So readers of this blog will already know some of this.  Kindles!  What a lovely idea.  A world of literature on the go, the future of books, an infinity of possibilities, cheap, accessible, reasonably environmental and so on and so forth; what a lovely idea the kindle is.

But!

Columns!  It can’t do friggin’ columns!  And as readers of the Minority Council will now know, columns are really useful!  (For those who haven’t read the Minority Council, that particular notion won’t make much sense until you do… and then it really, really will…)

And now, something else to make me LOATHE kindles so far that emphatic capital letters actually seem like a perfectly rational grammatical norm!  Which is a big thing for me!

So my Dad had a kindle.  And the kindle was something bequeathed to my Mum.  It was loaded up with exciting books, all sorts of groovy stuff, and getting it transferred over to my Mum wasn’t actually that hard.  Well, I say that… I needed to create an amazon account for my Mum, and send in a copy of a death certificate to make amazon believe that all was as I said it was, but still…

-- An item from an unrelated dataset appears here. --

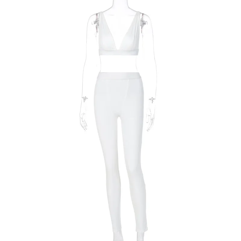Комплект для йоги, сексуальный комплект из 2 предметов, укороченный топ с V-образным вырезом и штаны, леггинсы, трикотажный повседневный костюм в рубчик, женский спортивный костюм для тренировок

However, it turns out, that while the kindle itself can be transferred without too much difficulty, the actual books on it, can’t be.  Amazon refuses.  When the owner of the kindle dies, so does the content – including books my Mum was half way through reading.  It’s a notion that just strikes some bitter, literary part of me.  Books are a fantastic gift, and more than that – they are one of the few gifts which we delight in handing down from generation to generation, the sums of our knowledge, an expression of who we were, what we enjoyed, the tales we appreciated and the lives we led.  Is that to cease?  What happens when all our books are online, when there’s no paper whatsoever, and amazon decides to wipe the bookshelves clean of every person who dies?  We live in a society where we by things that don’t exist, summoned into being out of the air… and back into the air, it seems, is where they go at the earliest opportunity, just bits of data with a passcode attached.  Am I the only one who finds this idea utterly, utterly horrific?  Give my family back my father’s books!